From the first line of the records below, transcribe each line exactly up to and including the one with "9일 300여 홍성군민들이"; pictures stay out.
Start of INPUT RECORDS
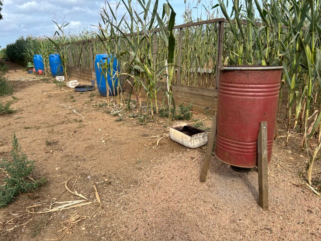 We located a second RLP release pen situated in another thin strip of maize approximately 1km from RLP release pen 1. The infrastructure was identical to RLP pen 1, as were the feeders and drink containers, which led us to believe that the same shoot operator was responsible for both RLP release pens.
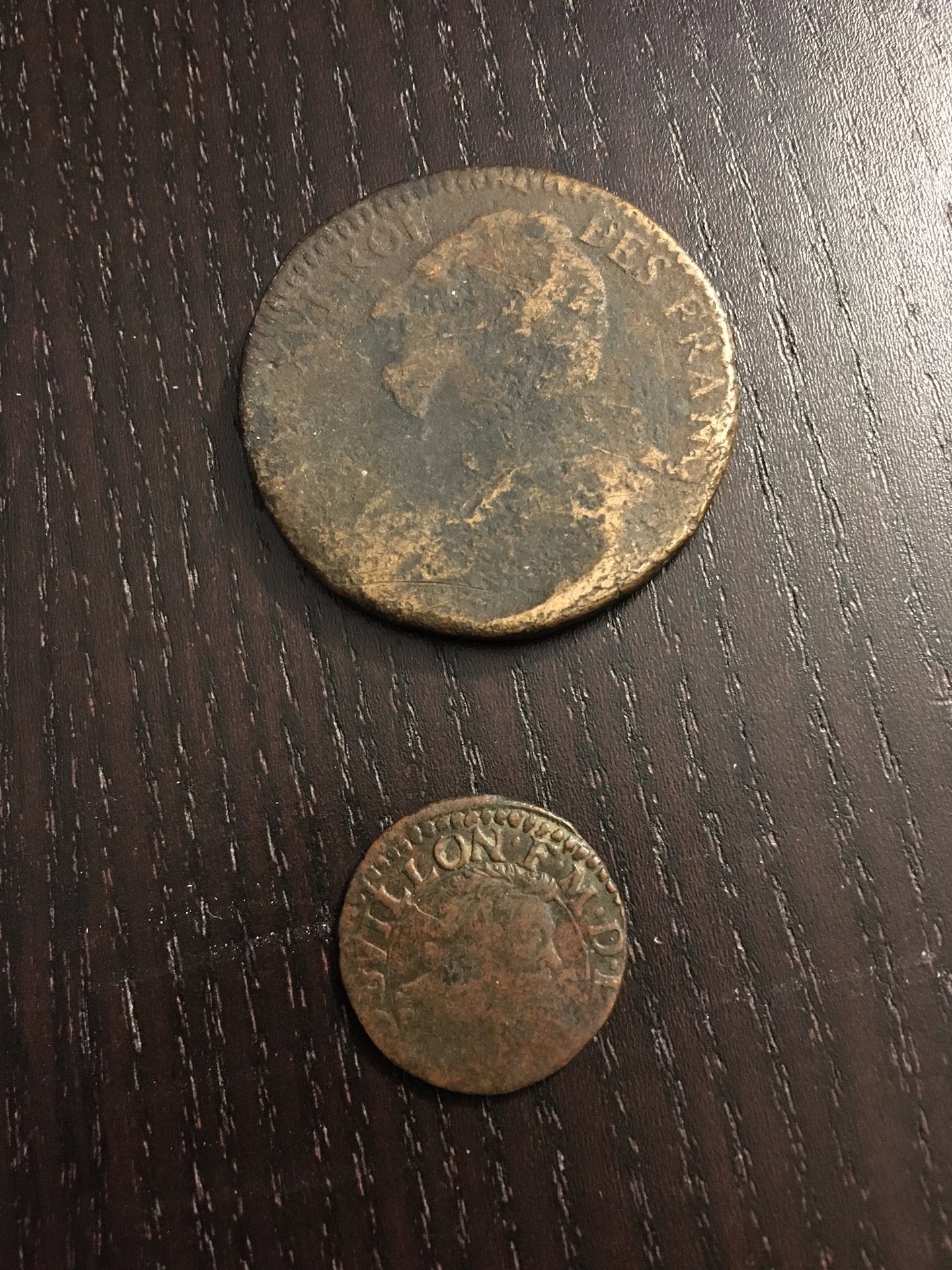 The top coin appears to be a French 2 Sols coin. A rough diameter measurement would help me ascertain the denomination. https://en.numista.com/catalogue/pieces3657.html https://en.numista.com/catalogue/pieces16386.html
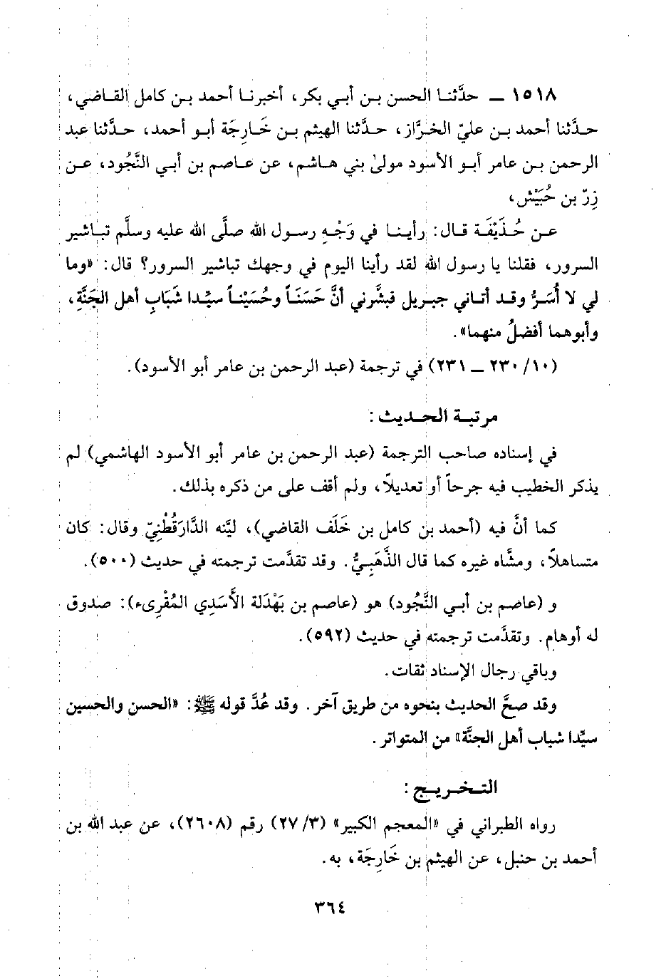 ١٥١٨ - حدَّثنا الحسن بن أبي بكر، أخبرنا أحمد بن كامل القاضي، حدَّثنا أحمد بن علي الخرَّاز، حدَّثنا الهيثم بن خَارِجَة أبو أحمد، حدَّثنا عبد الرحمن بن عامر أبو الأسود مولى بني هاشم، عن عاصم بن أبي النَّجُود، عن زِرّ بن حُبَيْش،
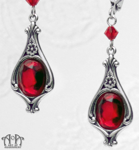 Sanguinari Red Crystal Victorian Art Nouveau Earrings
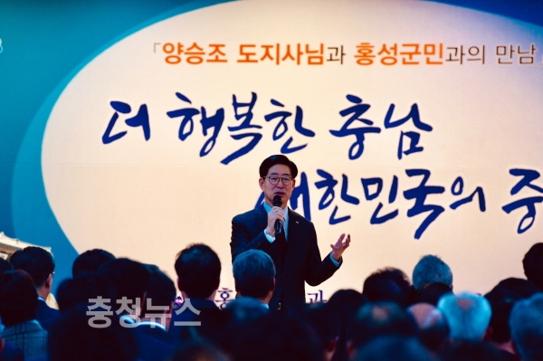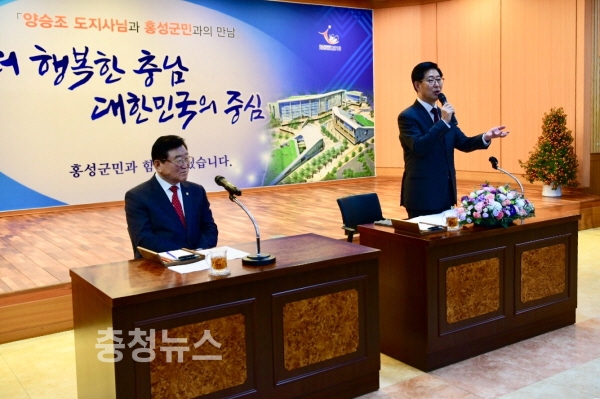 9일 300여 홍성군민들이 참석한 가운데 홍성군청 대강당에서 개최된 양승조 도지사 방문에서 김석환 군수는 ‘복지수도 충남’ 건설을 천명하고 저출산, 고령화, 사회양극화 등 3대 위기 극복에 노력하는 양승조 지사에게 경의를 표하고 홍성군 현안 해결을 위해 노력해 줄 것을 건의했다.
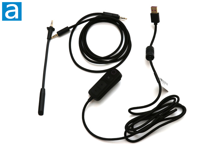 All of the inputs can be found on the extra cables provided by Cooler Master. Starting with the microphone on the left, this is an omnidirectional one that plugs into the left side of the headphones. It has a frequency response of 100Hz to 10kHz with a sensitivity of -42dB and a signal-to-noise ratio of 55dB. It is also placed on a very flexible boom arm, which can bend and stay whichever way I leave it. Next, we have a braided 3.5mm to 3.5mm cable measuring 1.5m in length. Cooler Master designed this cable to plug into the left side, but also lock in there with some neat plastic molding. This way the cable should not be coming out unintentionally. The braiding and the cable is pretty flexible, though not as smooth as some we have seen, such as the one on the Sennheiser GSP 500. Finally, we have the USB control box, which can be used if you plug the Cooler Master MH752 into your computer. On the unit itself, we have several controls. At the top we have a button marked 7.1 to enable and disable the virtual 7.1 surround sound. This button lights up red when it is enabled. Underneath, we have a single volume rocker to let you change the volume on the fly. As this is a USB unit, this will adjust the volume on your PC directly. On the left side of the controller, we have a switch to mute the microphone, while the volume rocker below lets you adjust the input volume of the microphone. Finally, on the back we have a plastic clip to let you fasten the USB sound card to your shirt so it does not dangle about. Otherwise, the attached braided cable leads out to a gold plated USB cable and measures 1.5m in length. This makes for a total of 3m of usable cable when plugged into a computer.
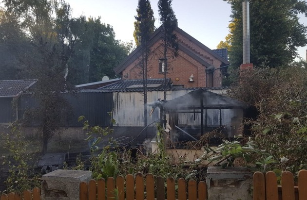 An der Brandstelle "Gartenlaube" konnte eine Ausbreitung der Flammen auf eine benachbarte Garage mitsamt Dieseltank sowie das benachbarte, bewohnte Wohnhaus verhindert werden. Einer der Bewohner hatte noch vor dem Eintreffen der Einsatzkräfte eigene Löschversuche unternommen sowie diverse Gasflaschen aus der Garage geholt. Er wurde im Anschluss rettungsdienstlich untersucht, bedurfte aber keiner weiteren Behandlung. Im Anschluss an die Löschmaßnahmen an dieser Brandstelle wurde die Gartenlaube und die benachbarte Lagerstätte für Brennholz auf Glutnester untersucht und kontrolliert. Das Wohnhaus wurde mittels Hochleistungslüfter der Feuerwehr von Rauchgasen befreit und danach freigemessen. Die Bewohner konnten hiernach wieder in das Wohnhaus zurückkehren.
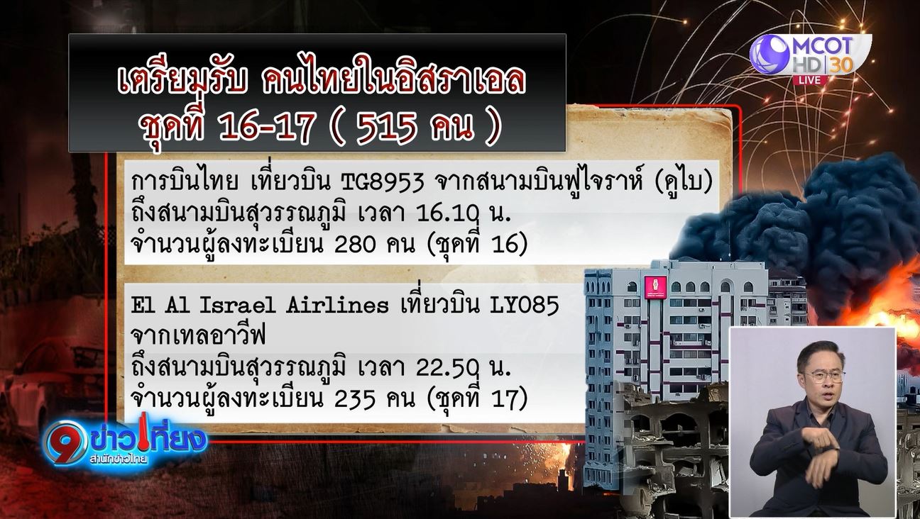 กรุงเทพฯ 23 ต.ค. – กระทรวงการต่างประเทศ แจ้งรายละเอียดเที่ยวบินอพยพคนไทยในอิสราเอลที่จะกลับถึงไทยในวันนี้ อีกกว่า 500 คน
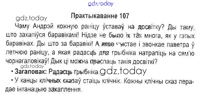 На страницах сайта gdz.today вы найдете учебный и вспомогательный материал, направленный на улучшения знаний школьной программы. ГДЗ - онлайн мир знаний Рашальнік да часткі 1. Практыкаванні 107 Учебнику по Белорусскому языку для 5 класса Красней, Несцяровіч Национальный институт образования 2014
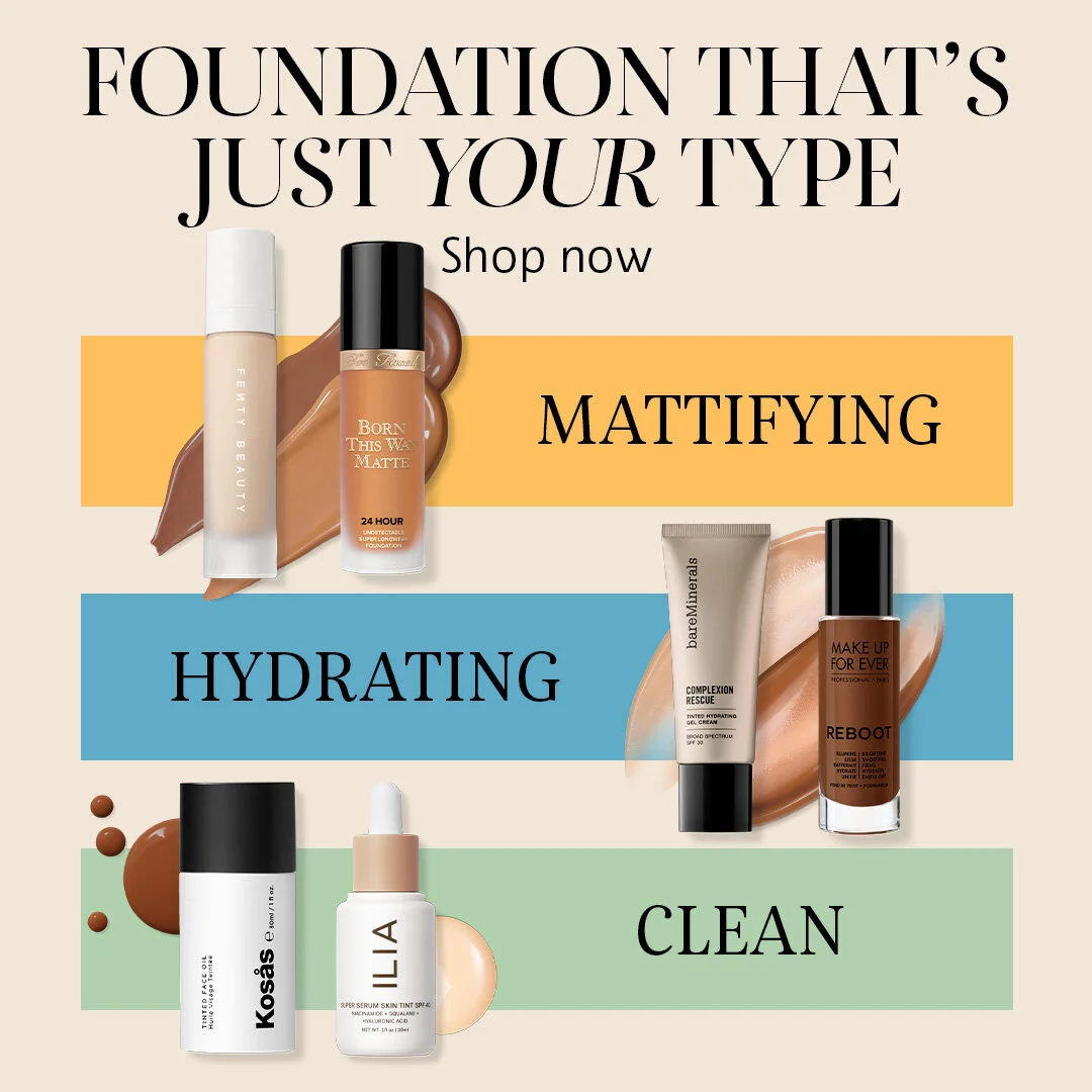 Foundation digital campaign featuring curated foundation products at Sephora. Ask was to drive product sales and site traffic as well as delineate 3 different categories for foundation: mattifying, hydrating and clean. Challenge was only using sku imagery and illustrated graphics to create designed assets. Creative concept demonstrated ease of use by illustrating a metaphorical “foundation finder” through motion in paid social, organic social and email assets. Pops of color were incorporated to visually delineate categories as well as evoke a fun and lively tone.
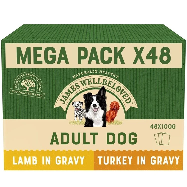 James Wellbeloved Grain Free Dog Food Pouch Turkey & Lamb in Gravy is wonderfully delicious and made with 100% natural meat. It is grain free and naturally hypoallergenic, meaning that it will be easier to digest and suitable for dogs who suffer from allergies.
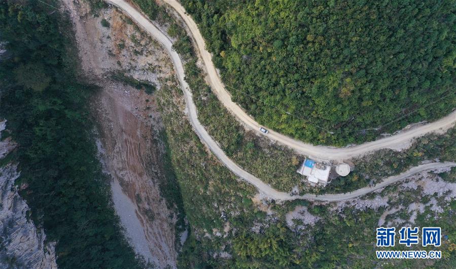 八好村駐村第一書記韋德王駕車前往群眾家中,公路的另一側(cè)是兩百多米深的懸崖(2019年12月16日攝)。新華社記者黃孝邦攝
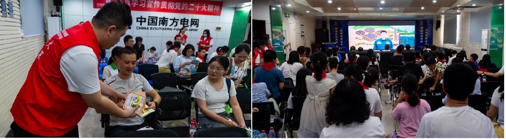 开幕式后,活动以“体验式学习+互动课堂”的形式开展。首先向参加活动人员现场赠阅电力科普读物,接着活动人员在现场观看了金湾局与中电联联合出品的《安全用电与节电》电力科普视频。
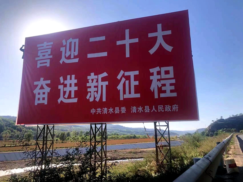 近日,清水县紧扣主题、统一规划、因地制宜,打造“喜迎二十大”主题景观,在大型户外广告牌、绿化带广告牌、户外电子屏、出租车LED、企业、单位布设喜迎党的二十大宣传标语,进一步激发广大党员干部群众爱党爱国、奋发奋斗的精神力量。
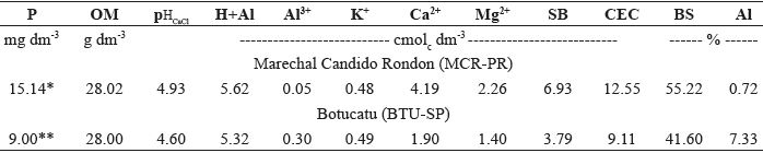 Two experiments were conducted in 2011. The first experiment was conducted in Marechal Cândido Rondon (MCR-PR), in the state of Parana, Southern Brazil, at the experimental farm of the West State University of Parana (24°33ʹS; 54°03ʹW, at 400 m a.s.l.). The second experiment was conducted in Botucatu (BTU-SP), in the state of Sao Paulo, Southwestern Brazil, at the experimental farm of Sao Paulo State University (22°58ʹS; 48°23ʹW, at 765 m a.s.l.). Both experiments were conducted on Oxisols following a conventional sowing system (Table 1). Soil tillage was performed in the layer from 0 to 20 cm with an intermediate grade followed by mild grade.
End of INPUT RECORDS
(PROBLEM SOLUTION)
 We located a second RLP release pen situated in another thin strip of maize approximately 1km from RLP release pen 1. The infrastructure was identical to RLP pen 1, as were the feeders and drink containers, which led us to believe that the same shoot operator was responsible for both RLP release pens.
 The top coin appears to be a French 2 Sols coin. A rough diameter measurement would help me ascertain the denomination. https://en.numista.com/catalogue/pieces3657.html https://en.numista.com/catalogue/pieces16386.html
 ١٥١٨ - حدَّثنا الحسن بن أبي بكر، أخبرنا أحمد بن كامل القاضي، حدَّثنا أحمد بن علي الخرَّاز، حدَّثنا الهيثم بن خَارِجَة أبو أحمد، حدَّثنا عبد الرحمن بن عامر أبو الأسود مولى بني هاشم، عن عاصم بن أبي النَّجُود، عن زِرّ بن حُبَيْش،
 Sanguinari Red Crystal Victorian Art Nouveau Earrings
 9일 300여 홍성군민들이 참석한 가운데 홍성군청 대강당에서 개최된 양승조 도지사 방문에서 김석환 군수는 ‘복지수도 충남’ 건설을 천명하고 저출산, 고령화, 사회양극화 등 3대 위기 극복에 노력하는 양승조 지사에게 경의를 표하고 홍성군 현안 해결을 위해 노력해 줄 것을 건의했다.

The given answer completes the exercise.